AVAILABLE RECORDS:
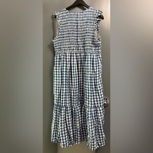 Anthropologie The Peregrine Midi Smocked Dress in blue gingham check
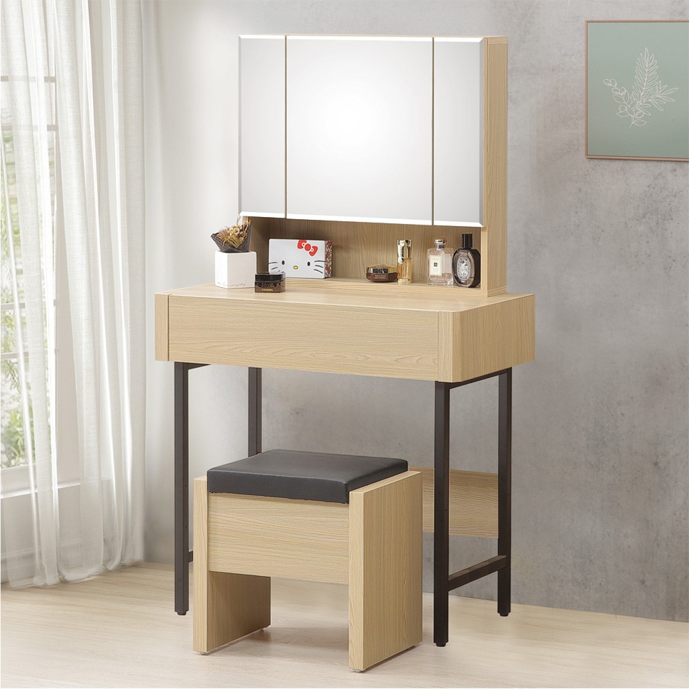 AS雅司-依若3尺掀鏡台(含椅)91x42x76cm
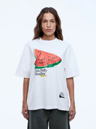 The Pelly Watermelon Tee is crafted from a recycled-cotton blend in a boxy silhouette with a vintage white finish. Detailed with a plastisol watermelon-themed graphic that adds a playful, summer-ready note.
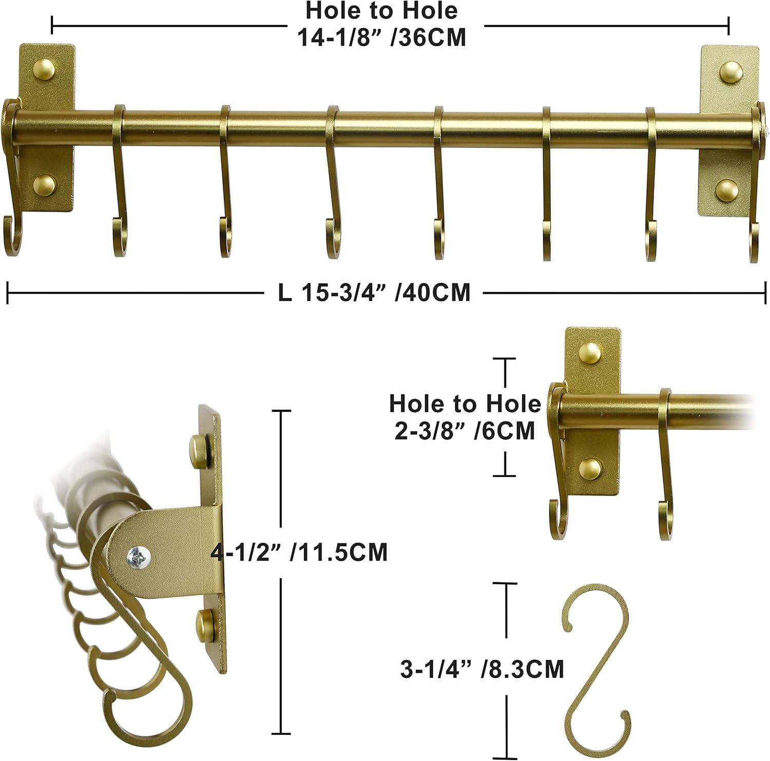 - Sizes(CM): 40 Lx 11.5 H x 4.2W deep; Bronze color, 1 x pots and pans rack with 8 hooks
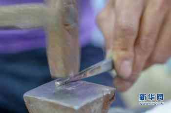 8月7日,上塘银饰特色小镇,工匠展示当地传统打银技艺。新华网 肖和勇 摄
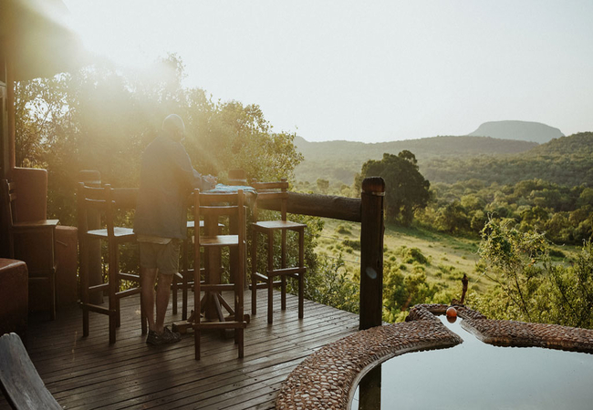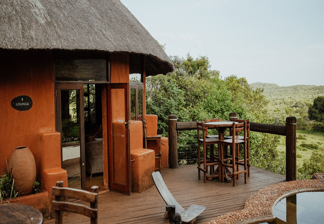 Duvha is a luxury secluded unit furnished with a King-size bed with 100% cotton linen. The en-suite bathroom is fitted with a bath, double shower, toilet, basin and outdoor shower. There is a dining room and lounge area with a gas heater. There is a fully fitted kitchen and a deck with a private plunge pool, braai area and outdoor seating.
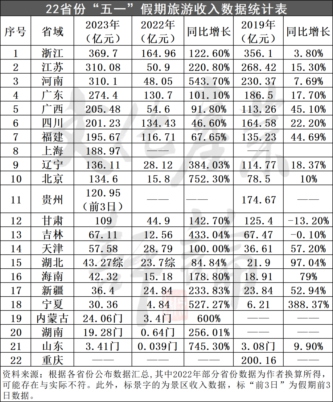 据文化产业评论(ID:whcypl)梳理盘点,在22个陆续公布了2023年“五一”假期文旅市场相关数据的省份中,假日旅游总收入突破100亿以上的多达12个,依次分别是浙江、江苏、河南、广东、广西、四川、福建、上海、辽宁、北京、贵州(为前3天数据)和甘肃。
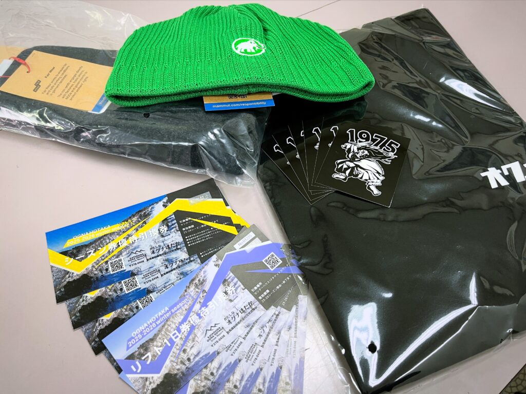 - 景品:シーズン券優待券、リフト1日券優待券、周年記念オリジナルグッズなど

GOAL OF THE EXERCISE: In the entries above, find the line containing "Duvha is a luxury"; transcribe exactly that line and every line after it through the end, and only those, omitting pictures.

EXERCISE OUTPUT:
 Duvha is a luxury secluded unit furnished with a King-size bed with 100% cotton linen. The en-suite bathroom is fitted with a bath, double shower, toilet, basin and outdoor shower. There is a dining room and lounge area with a gas heater. There is a fully fitted kitchen and a deck with a private plunge pool, braai area and outdoor seating.
 据文化产业评论(ID:whcypl)梳理盘点,在22个陆续公布了2023年“五一”假期文旅市场相关数据的省份中,假日旅游总收入突破100亿以上的多达12个,依次分别是浙江、江苏、河南、广东、广西、四川、福建、上海、辽宁、北京、贵州(为前3天数据)和甘肃。
 - 景品:シーズン券優待券、リフト1日券優待券、周年記念オリジナルグッズなど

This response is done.